The other element of this unit is the octave-up fuzz, which is added with the right footswitch. Aside from the footswitch, there is only one knob that controls this effect, which is the octace-up fuzz level knob. You cannot use the octave-up without fuzz, and you cannot adjust the blend of the octave-up and it's conjoined fuzz. What you can do is blend the main fuzz lavel (which may or may not contain the sub-octave) with the octave-up fuzz. This is cool, because most octave-up fuzz pedals sort of lose bottom end, and can sound thin. Of course, if that's what you're after, you can turn the "normal" fuzz level down to zero, and just get the octave-up fuzz effect. But you also have the option of blending in the normal fuzz and sub-octave with the octave-up fuzz. This really thickens up the tone.

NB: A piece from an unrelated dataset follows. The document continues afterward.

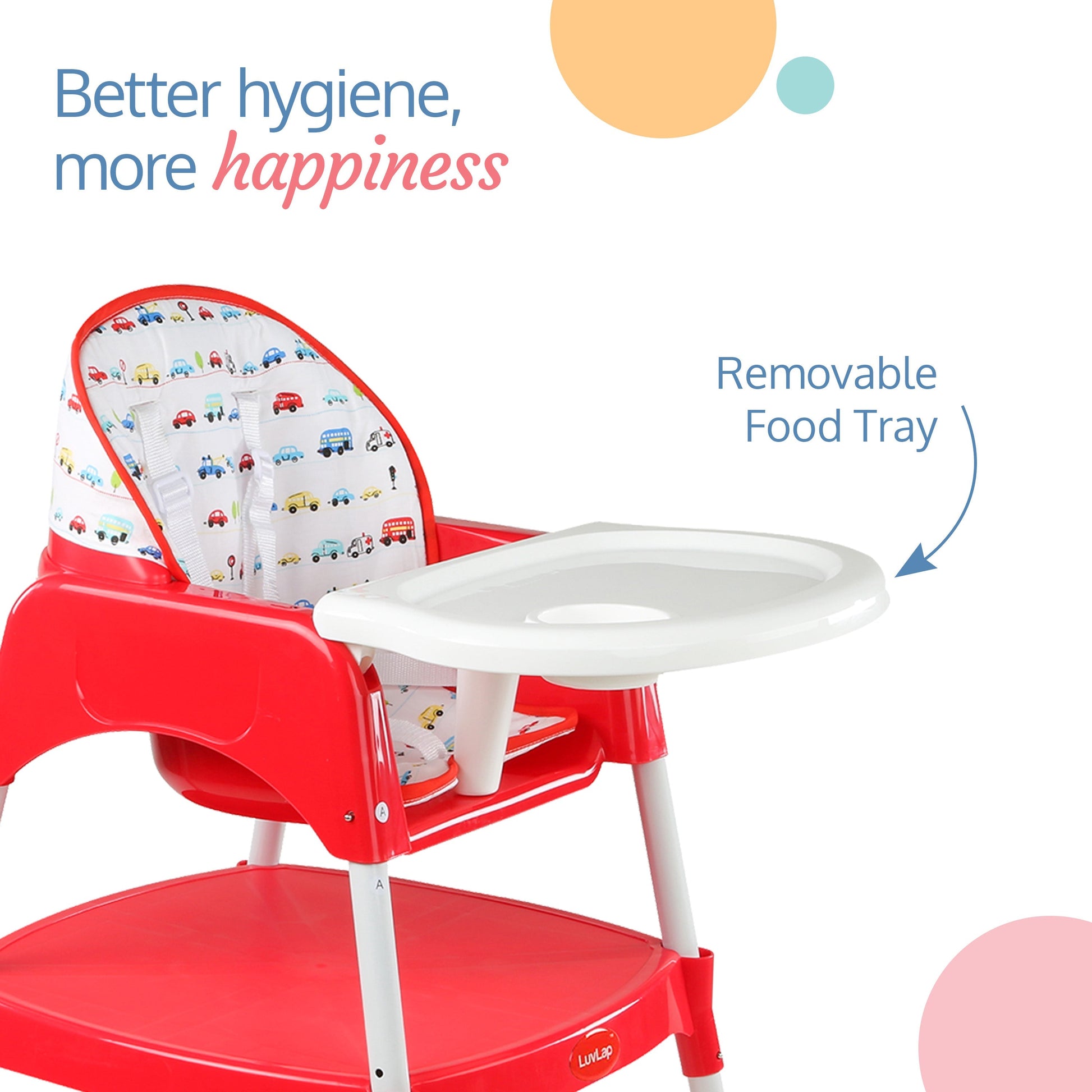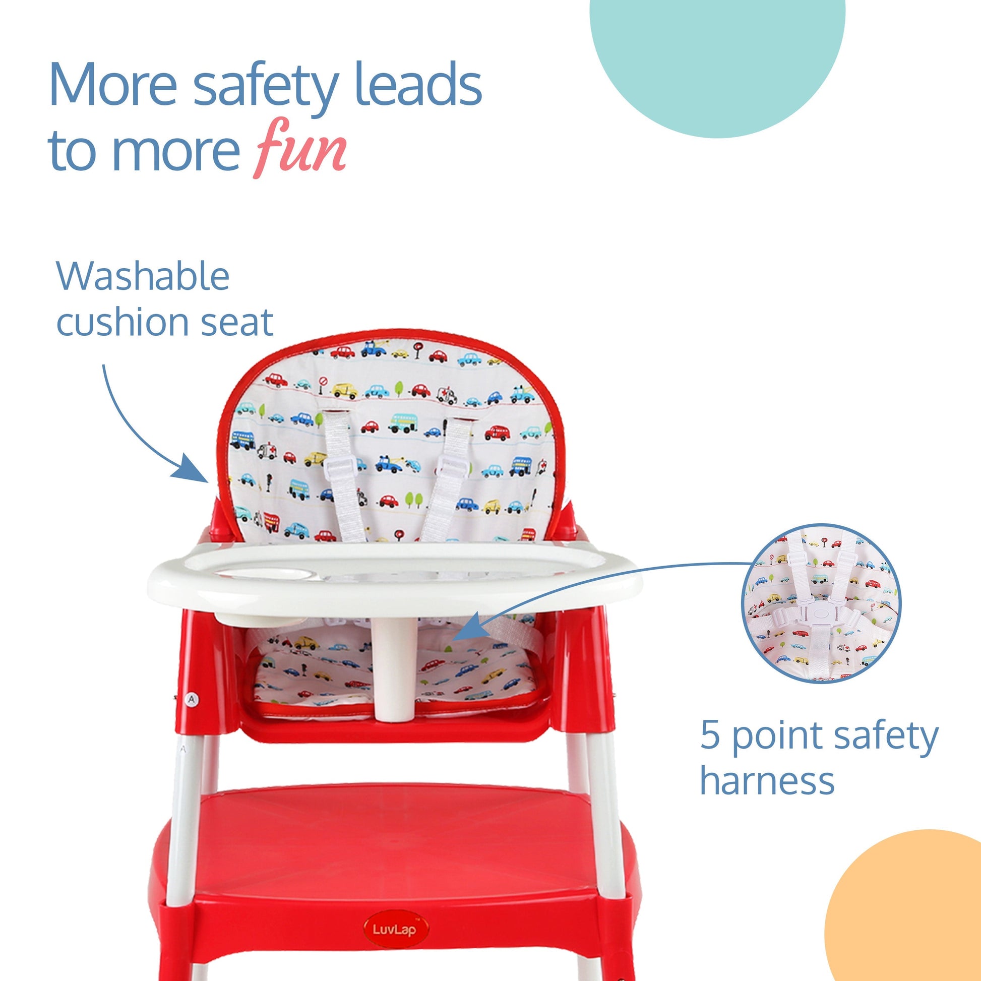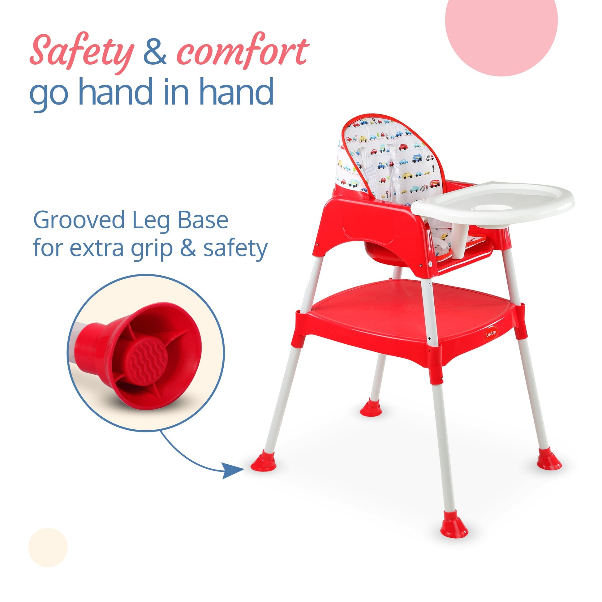 Luvlap's 3-in-1 convertible baby high chair grows with your baby. It can be used as a high chair, low chair and a study table and chair for toddler. With 5 point safety harness, height adjustment, washable seat cushion, and removable dining tray with transparent tray cover for easy cleaning, it is loved by moms.

Overall, this unit has some great tones, once you figure out what controls what. The octave-up fuzz works as expected, sounding better on the neck pickup, tone rolled down on the guitar, and playing single notes above the 12th fret. It seems more "predictable" that some octave-up fuzz pedals, which is a good thing. The "normal" fuzz is very good, assuming you want a 60s type of fuzz. I really like it. The sub-octave by itself is pretty good, and I found that it really sounded great feeding into my Crunchbox. I also found that I liked the octave-up fuzz better when driving the lead channel of my SD-18, as opposed to the clean channel.

I'm pretty impressed with what this unit can do, and think it's well worth the $130 price tag. I'll be keeping it, and it may find a permanent spot on my pedalboard.